— Конечно, не понимаешь, ты же не актер. У твоего отца были потрясающие руки. Таких гибких и ловких пальцев
— Послушай, мама…
Одетта изумленно уставилась на Дутра.
— Мама? — переспросила она, — мама?.. Право, ты очень любезен, но мне к этому не привыкнуть… Зови меня лучше Одетта, как все зовут.
Она открыла буфет, вынула отбивные и засунула их в гриль.
— Ты уже понял, где мы выступаем — в третьеразрядном мюзик-холле. А потом придется ездить по ярмаркам.
Дутру вспомнился старый фокусник с красными глазами пьяницы, и он поднялся, сжав кулаки.
— Нет, — сказал он, — это невозможно. Нужно что-то придумать.
— Что? Я думаю уже не одну неделю.
— Я буду тебе в помощь.
— Ты?
Одетта уменьшила огонь в гриле и оглядела Дутра холодным долгим взглядом.
— Повернись… Теперь в профиль… Пройдись до двери… Недурно! Теперь обратно. Уверена, танцевать ты не умеешь, ноги у тебя как деревянные…
Мясо зашкворчало, и Одетта принялась искать вилку.
— Пока ты научишься, пройдет немало времени. Нужно уметь держаться на сцене, говорить… Ты чересчур застенчив.
Она переложила отбивные на блюдо.
— Та-ак! Раз ты хочешь быть в помощь, возьми нож и порежь картошку помельче.
Раздался громкий стук в дверь, и вошел Людвиг. Снял кожаную куртку, повесил на вешалку, вытащил из кармана трубку.
— Сейчас будем обедать, — крикнула ему Одетта.
Людвиг уселся на незастеленную постель, поднял с пола юбку и повесил ее на стул.
— Ну что, малыш? — спросил он скрипучим голосом, от которого сводило скулы. — Осваиваешься помаленьку?
— Он хочет быть мне в помощь, — ответила за Дутра Одетта.
— Не вредное желание!
Людвиг с Одеттой заговорили между собой по-немецки. Дутр не отрываясь смотрел на неприятного чужака, который без малейшего смущения расположился у них, как у себя дома. А ведь они только-только похоронили отца… Нет, все вокруг было странным и чуждым Дутру, словно самолет вчера приземлился на неведомой планете. Дутр вспомнил золотоволосую девушку, которая пожала ему руку на кладбище, вспомнил голубок, которые порхали на шпагах…

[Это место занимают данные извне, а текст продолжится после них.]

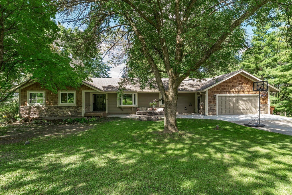 Tucked away on over 4 wooded acres, this serene property offers the feel of country living just minutes from all Prior Lake amenities. Surrounded by mature trees and abundant wildlife, the home provides privacy, space, and a peaceful lifestyle. The main level features a spacious primary suite with backyard views, walk-in closet, and private three-quarter bath. Two additional bedrooms share a full bath. Multiple living areas, including a living room and family room, provide great entertaining space. The eat-in kitchen with stainless steel appliances flows into the formal dining room. Sliding glass doors lead to a vaulted, screened-in porch with a ceiling fan, opening to a large deck and expansive backyard that feels like you're up north. The walkout lower level offers incredible potential for an in-law suite with a second full eat-in kitchen, generous living space, and room to add bedrooms. This home has seen numerous upgrades in recent years, including a new A/C system (April 2021), front-facing windows (Oct 2021), and a gutter system with leaf filters and a transferable warranty (May 2021). A whole-house water filtration system was added in May 2022. The chimney received waterproofing and a new liner (Feb 2024), with new cement work completed in June 2024. A high-efficiency furnace was installed in Nov 2024. A new water softener (rental) was added in April 2025. The septic system was updated with a new pump and pipe repairs in July 2025. The oversized insulated two-car garage has pull-down attic storage. Outside, enjoy a peaceful front patio, a 16' x 11' storage shed, and wide open yard space. Located in a quiet neighborhood just down the road from Webber’s Apple Orchard, this is your private retreat close to it all.

— За стол! — пригласила Одетта.
— Тарелки могла бы и помыть, — проскрипел Людвиг и подошел к Дутру.
— Покажи-ка руки.
Он щупал их, гнул пальцы, проверяя на гибкость.

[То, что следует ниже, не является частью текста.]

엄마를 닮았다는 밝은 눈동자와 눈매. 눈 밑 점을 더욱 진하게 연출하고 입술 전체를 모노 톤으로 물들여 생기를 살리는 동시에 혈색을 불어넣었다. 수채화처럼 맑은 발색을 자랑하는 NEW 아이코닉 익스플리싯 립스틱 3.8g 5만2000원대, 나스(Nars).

— Не из ряда вон, — заключил он. И опять заговорил по-немецки.
Время от времени они с Одеттой окидывали Дутра изучающим взглядом. Забытая на плите картошка исходила синим дымком. Людвиг предлагал что-то, Одетта не соглашалась. Кончив говорить, она взяла в руку отбивную и откусила от нее порядочный кусок.
— Пока не попробуем, все равно знать не будем, — подвел итог Людвиг.
— Ладно, попробуем, — согласилась Одетта.
Она вытерла руки тряпкой у раковины, открыла гардероб и достала костюм на плечиках.
— Надевай! — бросила она Дутру.
— Сейчас? — изумился Дутр.
— Сейчас же! Людвиг есть Людвиг. Если что-то надумал, ждать не будет.
Дутр разложил костюм на диване.
— Но это же фрак! — вырвалось у него.
— Да, конечно! Парадный фрак твоего отца.
Дутр разделся и натянул брюки, завороженный блестящими шелковыми лампасами.
— Что я говорил! — проскрипел Людвиг. — Как влитые.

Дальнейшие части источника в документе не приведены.